* TASK TO COMPLETE: Pictures stay out of the output. Return exactly the lines below from the one with "Trang nhất Báo" down to the one with "最后,周帅部长作了讲话,她指", both included, and nothing more.

* RECORDS SUPPLIED:
-------

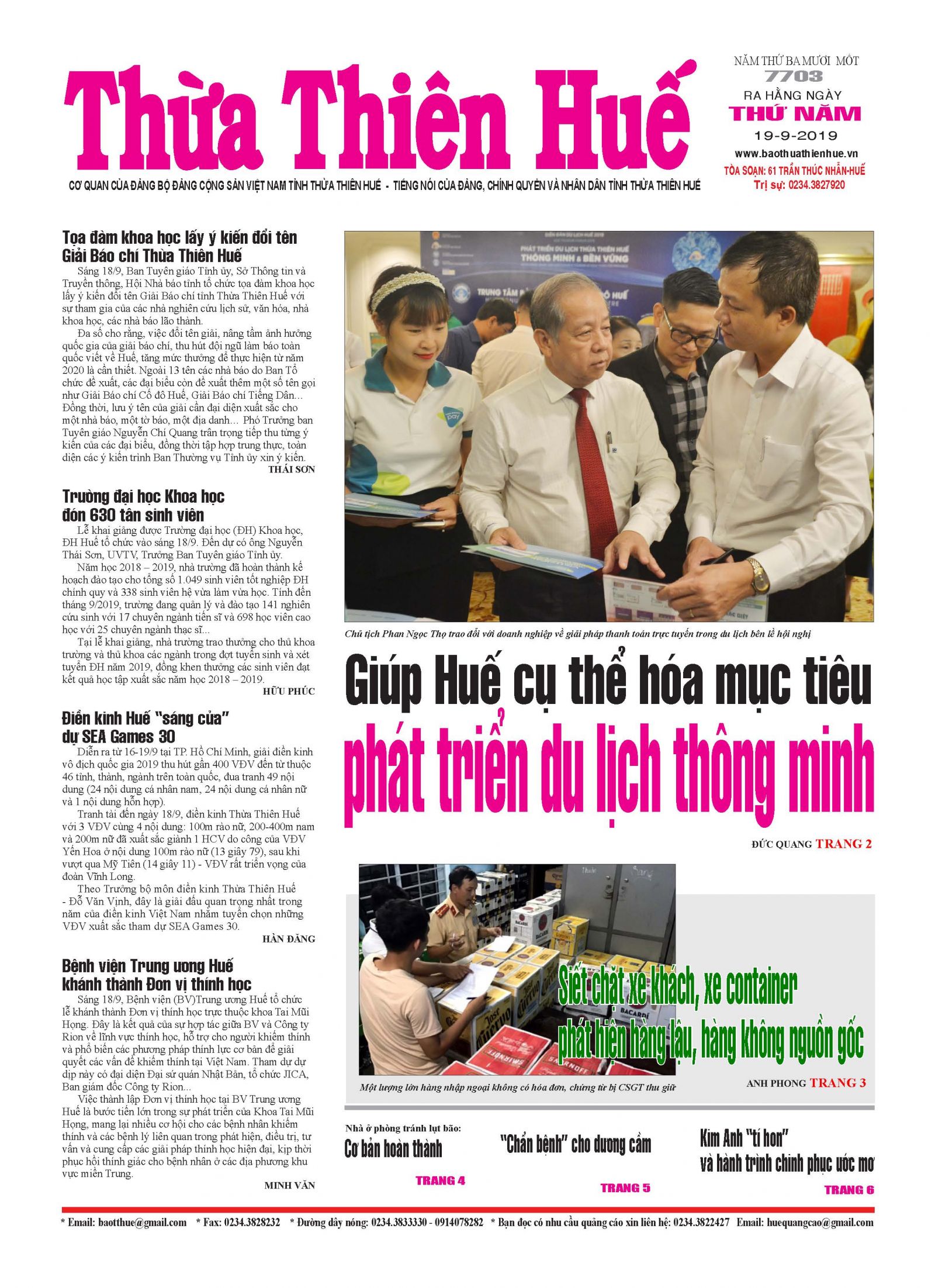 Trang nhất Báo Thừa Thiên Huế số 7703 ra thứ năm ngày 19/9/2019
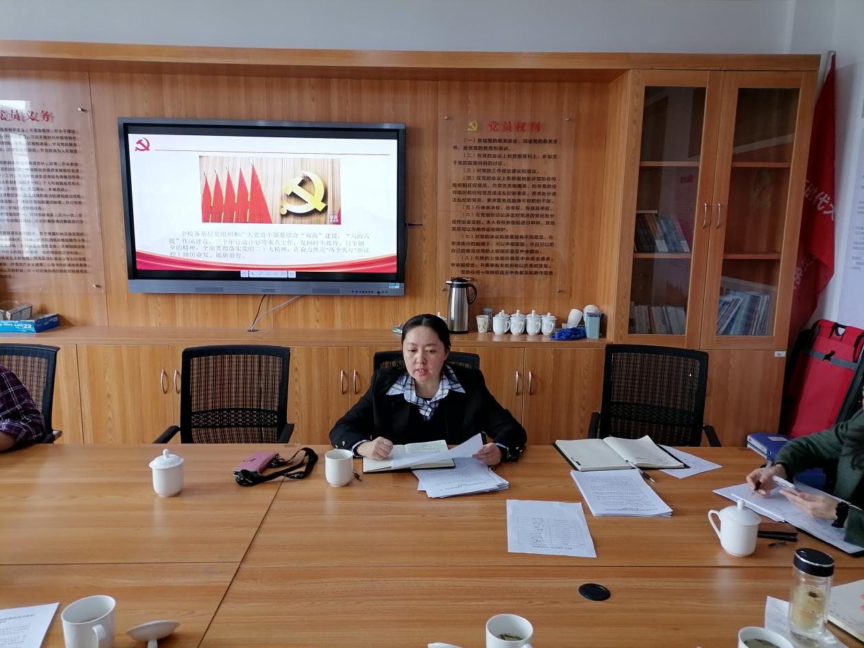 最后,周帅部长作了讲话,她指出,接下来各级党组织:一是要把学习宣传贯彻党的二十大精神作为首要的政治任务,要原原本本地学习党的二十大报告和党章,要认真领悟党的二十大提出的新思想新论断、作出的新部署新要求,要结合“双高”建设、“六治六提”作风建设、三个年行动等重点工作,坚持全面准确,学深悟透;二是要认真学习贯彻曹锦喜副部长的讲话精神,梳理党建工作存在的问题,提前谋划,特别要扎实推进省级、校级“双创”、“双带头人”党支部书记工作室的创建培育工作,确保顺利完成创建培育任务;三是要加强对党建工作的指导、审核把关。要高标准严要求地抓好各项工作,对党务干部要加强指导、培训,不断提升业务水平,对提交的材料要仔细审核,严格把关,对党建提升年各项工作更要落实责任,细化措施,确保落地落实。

-------

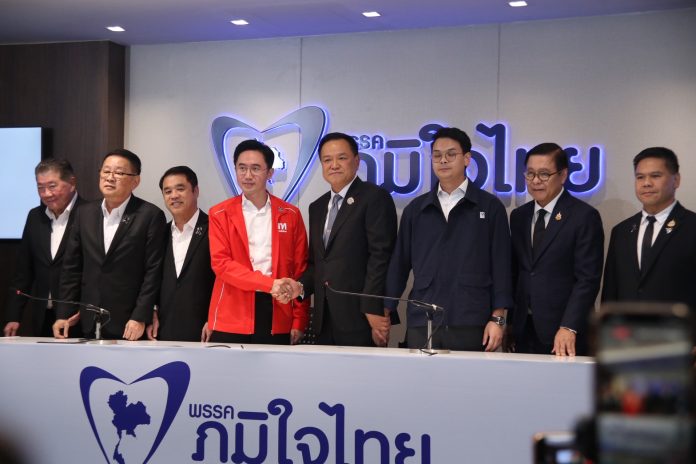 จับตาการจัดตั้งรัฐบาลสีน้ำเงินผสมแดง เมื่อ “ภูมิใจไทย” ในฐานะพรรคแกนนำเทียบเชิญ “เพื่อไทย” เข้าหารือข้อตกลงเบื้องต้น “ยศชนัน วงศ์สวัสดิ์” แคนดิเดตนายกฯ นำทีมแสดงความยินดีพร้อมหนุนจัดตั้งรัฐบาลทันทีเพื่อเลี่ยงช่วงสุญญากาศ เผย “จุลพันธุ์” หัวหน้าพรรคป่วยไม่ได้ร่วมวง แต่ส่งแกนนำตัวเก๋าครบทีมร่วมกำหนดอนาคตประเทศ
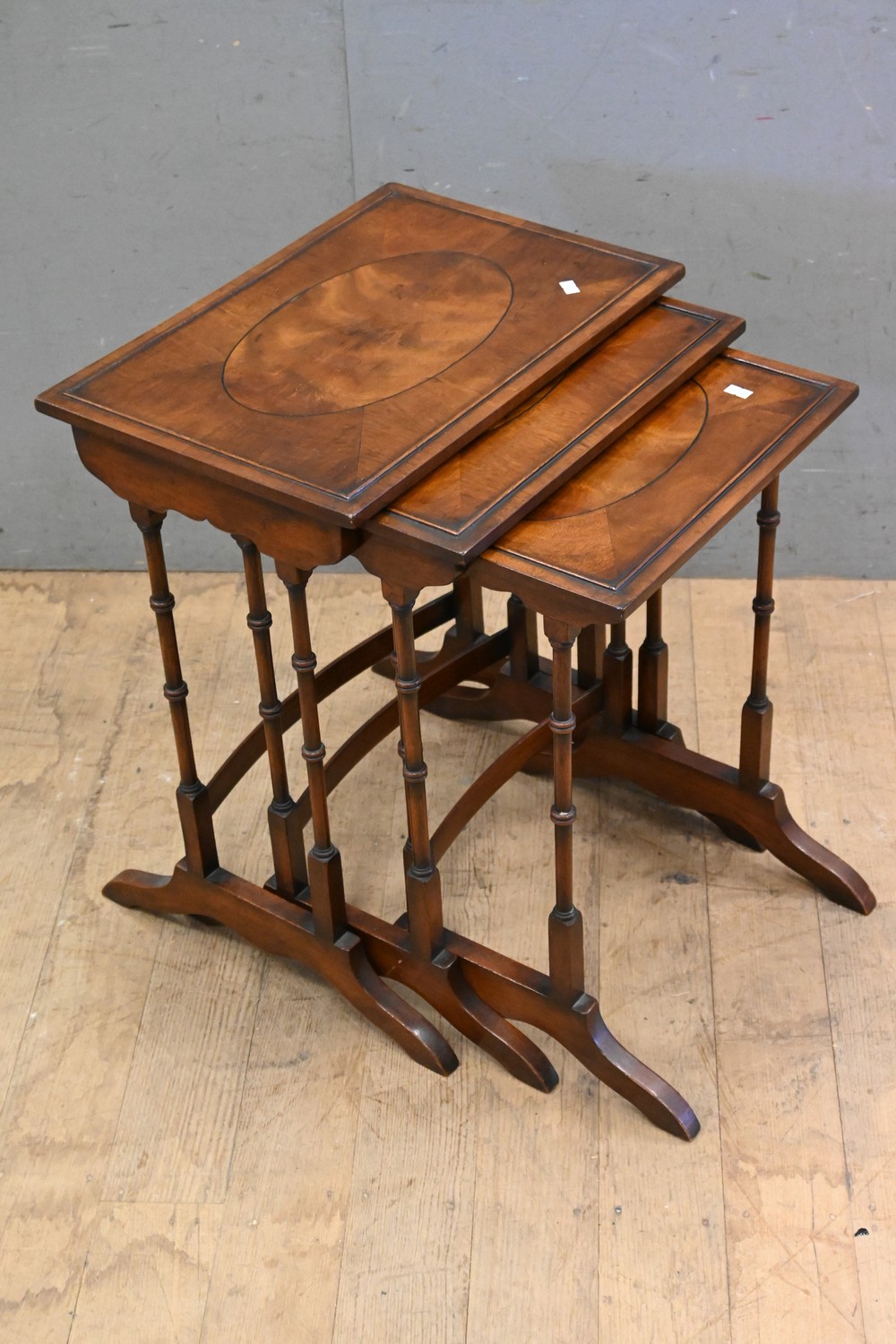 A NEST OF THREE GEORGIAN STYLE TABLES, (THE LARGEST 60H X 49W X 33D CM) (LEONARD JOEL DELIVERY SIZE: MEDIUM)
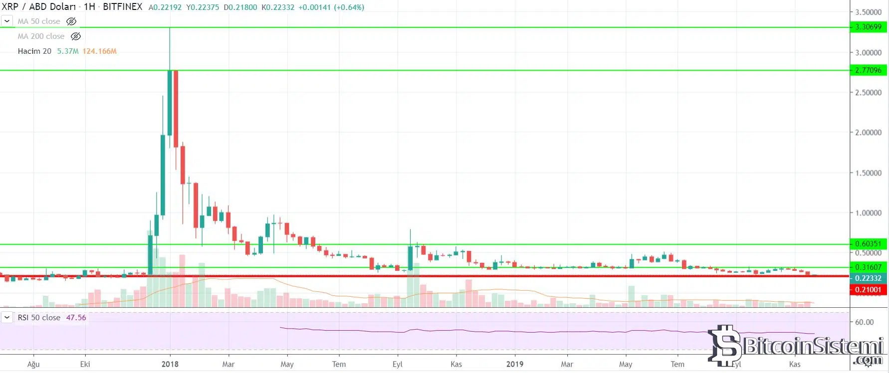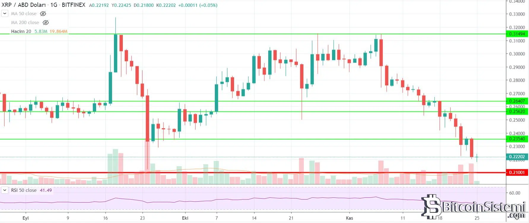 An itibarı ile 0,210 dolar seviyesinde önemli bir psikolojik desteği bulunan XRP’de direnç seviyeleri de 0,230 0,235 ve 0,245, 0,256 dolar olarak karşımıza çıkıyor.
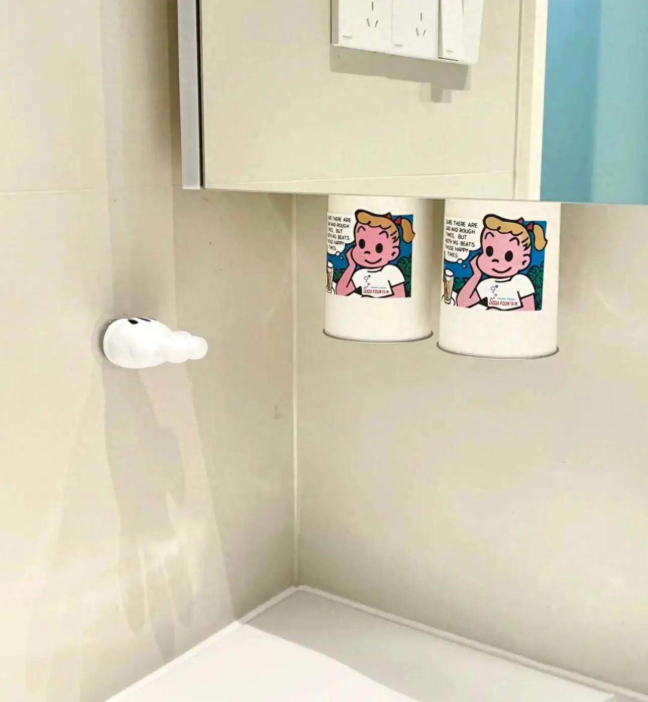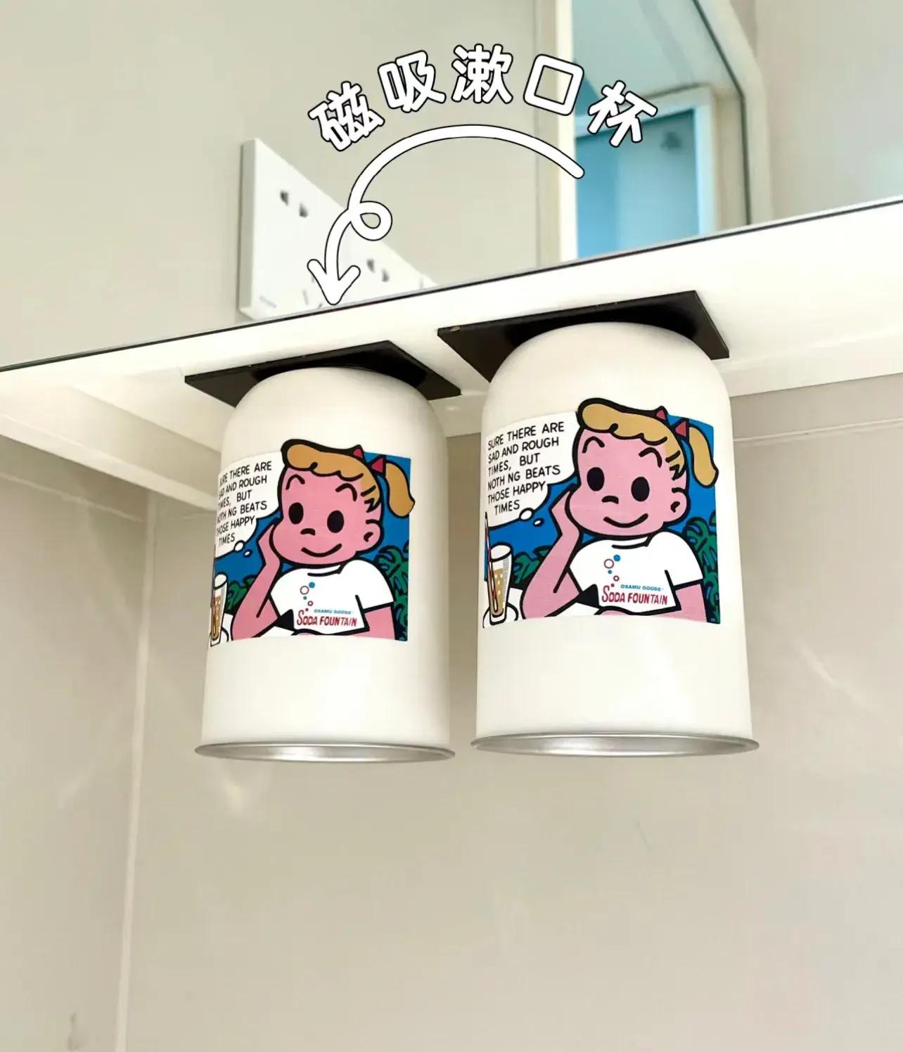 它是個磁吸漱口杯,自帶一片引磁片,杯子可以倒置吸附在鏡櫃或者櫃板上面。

-------

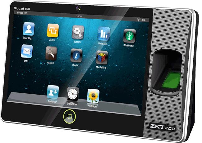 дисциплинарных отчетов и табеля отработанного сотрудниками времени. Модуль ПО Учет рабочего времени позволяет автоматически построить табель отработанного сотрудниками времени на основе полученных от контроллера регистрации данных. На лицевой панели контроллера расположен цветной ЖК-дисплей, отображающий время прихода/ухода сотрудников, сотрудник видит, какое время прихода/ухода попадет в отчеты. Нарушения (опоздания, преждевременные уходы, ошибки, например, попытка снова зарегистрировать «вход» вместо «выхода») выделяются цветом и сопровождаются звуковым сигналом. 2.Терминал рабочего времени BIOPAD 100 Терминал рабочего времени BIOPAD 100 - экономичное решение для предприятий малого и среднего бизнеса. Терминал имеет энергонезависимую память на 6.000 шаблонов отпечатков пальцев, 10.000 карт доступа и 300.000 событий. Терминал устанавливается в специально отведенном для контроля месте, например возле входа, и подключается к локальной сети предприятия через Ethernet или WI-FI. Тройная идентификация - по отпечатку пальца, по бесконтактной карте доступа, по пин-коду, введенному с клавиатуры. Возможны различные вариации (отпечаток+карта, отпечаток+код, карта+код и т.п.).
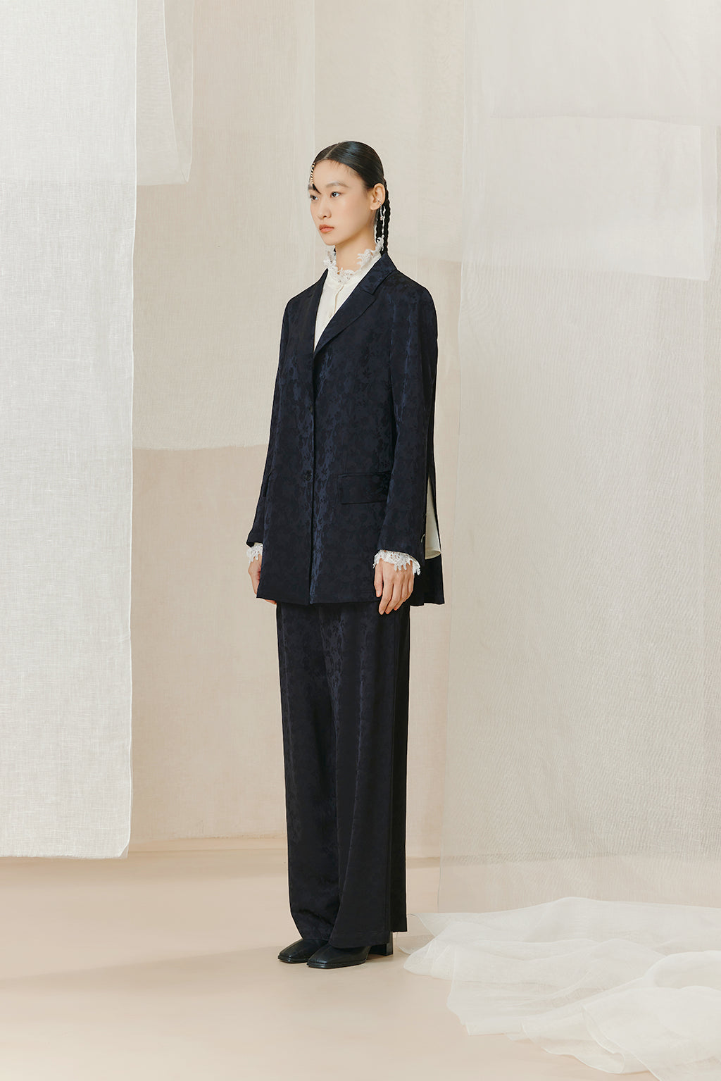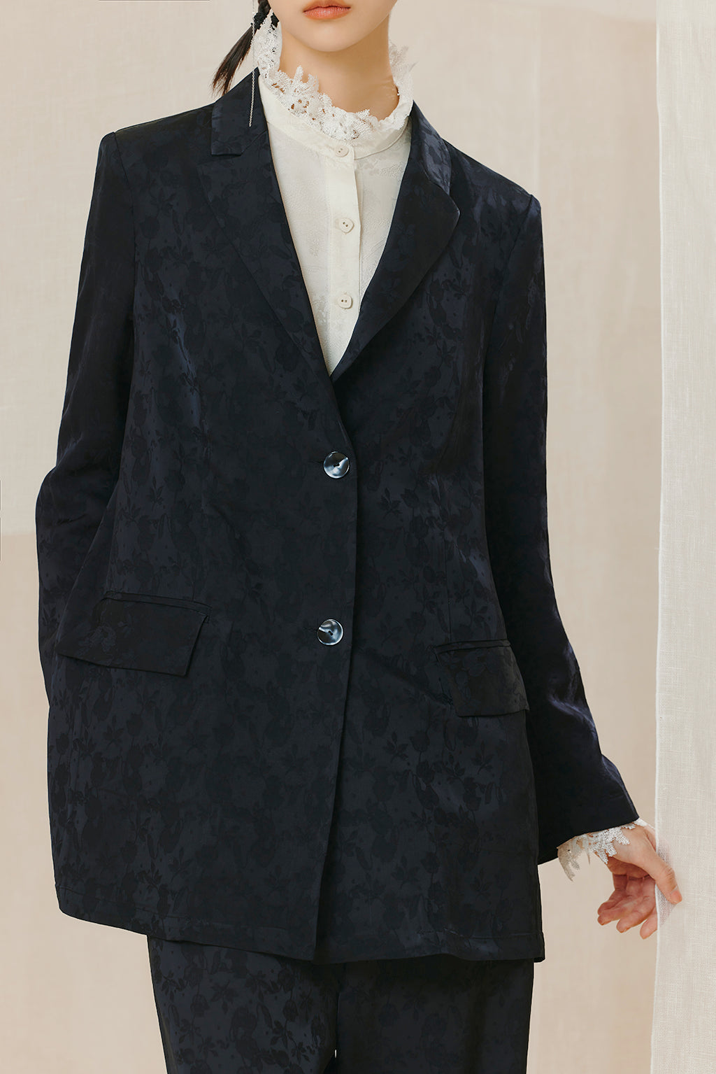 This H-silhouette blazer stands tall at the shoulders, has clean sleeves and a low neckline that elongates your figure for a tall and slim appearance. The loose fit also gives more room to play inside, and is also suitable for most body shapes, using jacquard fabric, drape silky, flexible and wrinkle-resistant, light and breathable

-------

* TASK RESULT:
 Trang nhất Báo Thừa Thiên Huế số 7703 ra thứ năm ngày 19/9/2019
 最后,周帅部长作了讲话,她指出,接下来各级党组织:一是要把学习宣传贯彻党的二十大精神作为首要的政治任务,要原原本本地学习党的二十大报告和党章,要认真领悟党的二十大提出的新思想新论断、作出的新部署新要求,要结合“双高”建设、“六治六提”作风建设、三个年行动等重点工作,坚持全面准确,学深悟透;二是要认真学习贯彻曹锦喜副部长的讲话精神,梳理党建工作存在的问题,提前谋划,特别要扎实推进省级、校级“双创”、“双带头人”党支部书记工作室的创建培育工作,确保顺利完成创建培育任务;三是要加强对党建工作的指导、审核把关。要高标准严要求地抓好各项工作,对党务干部要加强指导、培训,不断提升业务水平,对提交的材料要仔细审核,严格把关,对党建提升年各项工作更要落实责任,细化措施,确保落地落实。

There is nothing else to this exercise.